Spinach growers are "victims" of E. coli, not culprits

While sensationalists and those fond of chemical-intensive farming were ready to hang the organic industry at the first mention of an E coli outbreak, NYT farm and food columnist Nina Planck says the culprit is not spinach growers at all, but rather industrial beef and dairy farmers. E. coli O157:H7, the virus strain responsible for making humans ill, is not found in the intestines of cattle fed a natural diet of grass and hay. The virus thrives in the acidic stomachs of cattle fed on grain, the typical feed on industrial farms.

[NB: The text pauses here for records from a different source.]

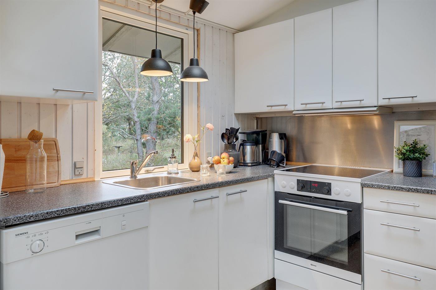Køkkenet er udstyret med 1 køleskab. Der er 4 keramiske kogeplader, varmluftovn, mikrobølgeovn samt opvaskemaskine.
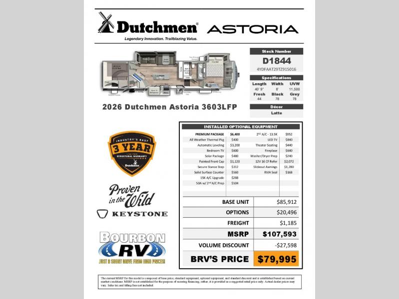 Dutchmen Astoria Platinum Series 3603LFP Highlights:
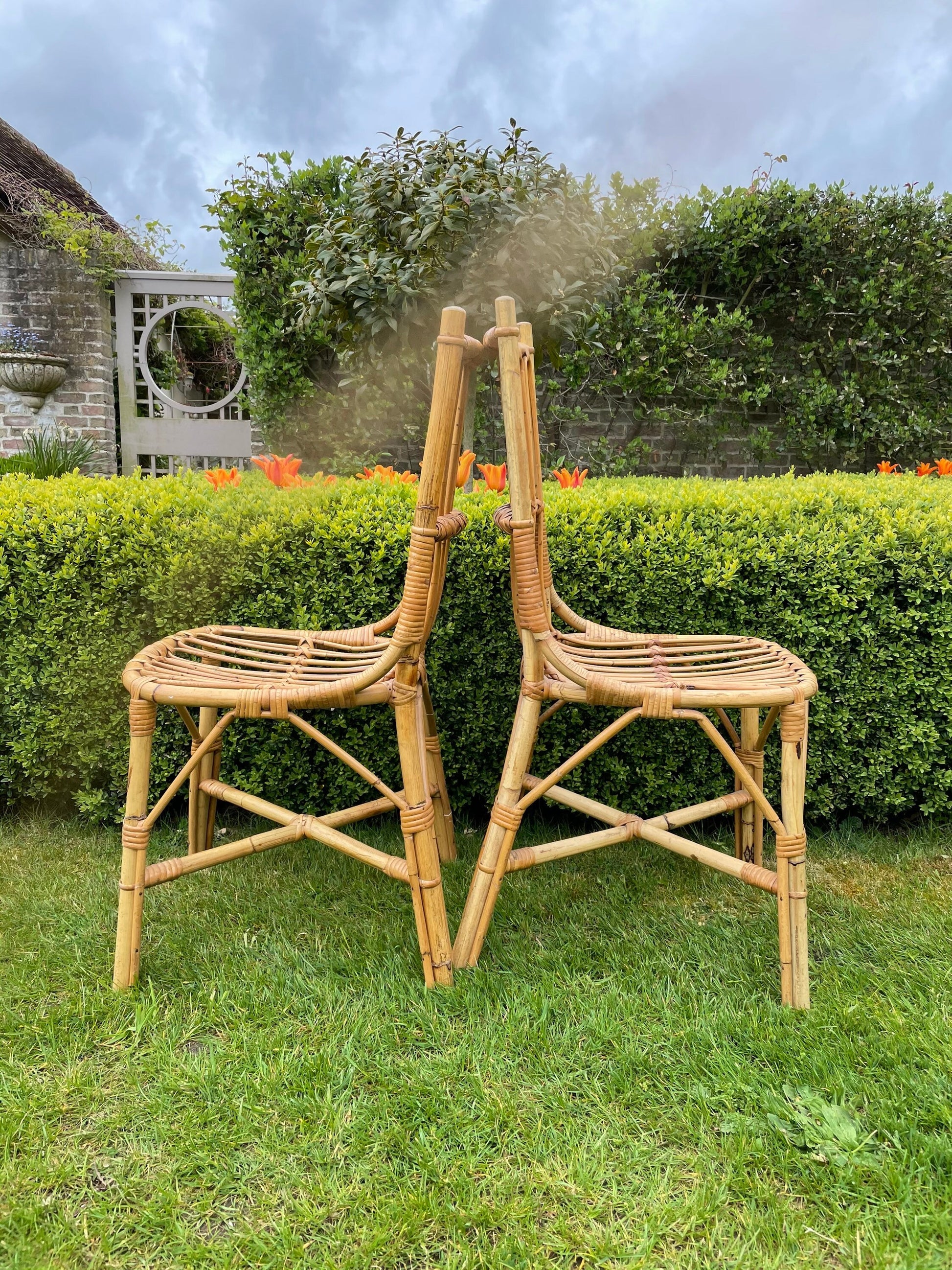 These wonderful dining chairs are in excellent condition. They would make a wonderful addition to any home and now that the summer is coming, they could also be used outdoors! They are very unusual to find.
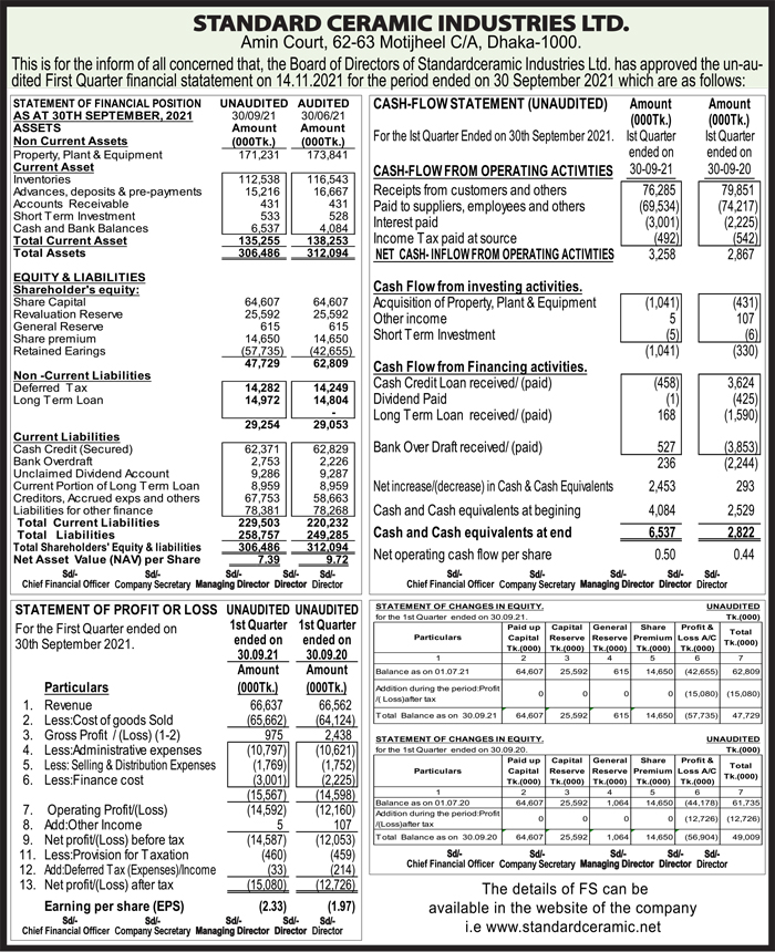 Q1 Un-audited Financial Statements of Standard Ceramic Industries Ltd
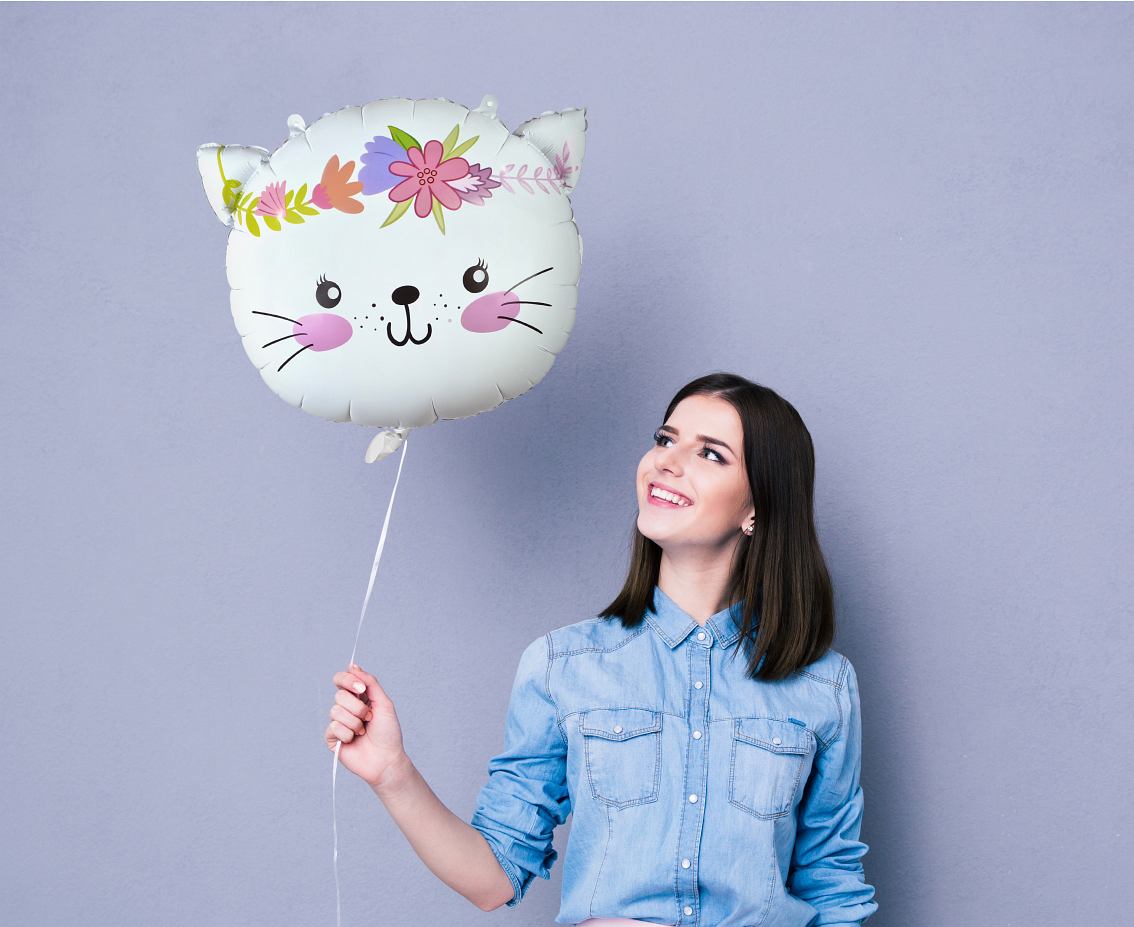 Εντυπωσιακό μπαλόνι χαρτιωμένη άσπρη γατούλα με στεφάνι από λουλούδια στο κεφάλι, για τη διακόσμηση του πάρτυ!
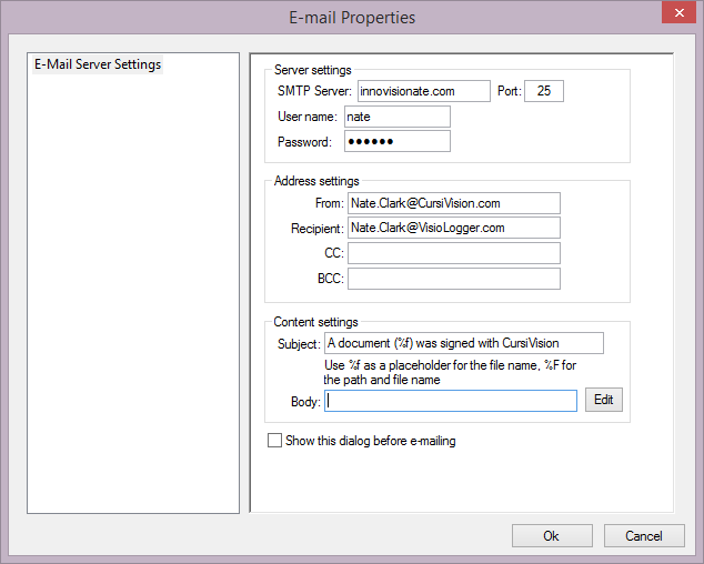 Note that the E-Mail tool works using simple SMTP communications with some mail server, visible, of course, to the computer wich is running CursiVision at the time of document signing. This also means that the tool does not use any local e-mail client to send this mail, it talks directly with the mail server defined. Our example has the property values provided already, you should, of course, change these based on your locally available mail server. Now, when the document is signed, an e-mail, with the document provided as an attachment, will be sent to the configured recipient. That e-mail will come from the configured sender. Note also that our subject line contains a placeholder for the document name using a lowercase %f sequence, or an uppercase %F sequence which would indicate to the recipient the exact location of the signed document. Usage instruction for other tools from the CursiVision Toolbox can be seen here:

In 2003, The Journal of Dairy Science noted that up to 80 percent of dairy cattle carry O157. (Fortunately, food safety measures prevent contaminated fecal matter from getting into most of our food most of the time.) Happily, the journal also provided a remedy based on a simple experiment. When cows were switched from a grain diet to hay for only five days, O157 declined 1,000-fold.

This means that even if beef cattle were switched to a natural grass diet several days before slaughter, cross-contamination by manure in meat packing plants would be drastically reduced. It would take a lot longer to reduce contamination of groundwater and rivers, used to irrigate spinach farms. But Planck has an idea: Instead of USDA paying 75 percent of the cost for manure containment ponds and only treating the symptoms, how about they try treating the disease by switching cattle over to a natural diet.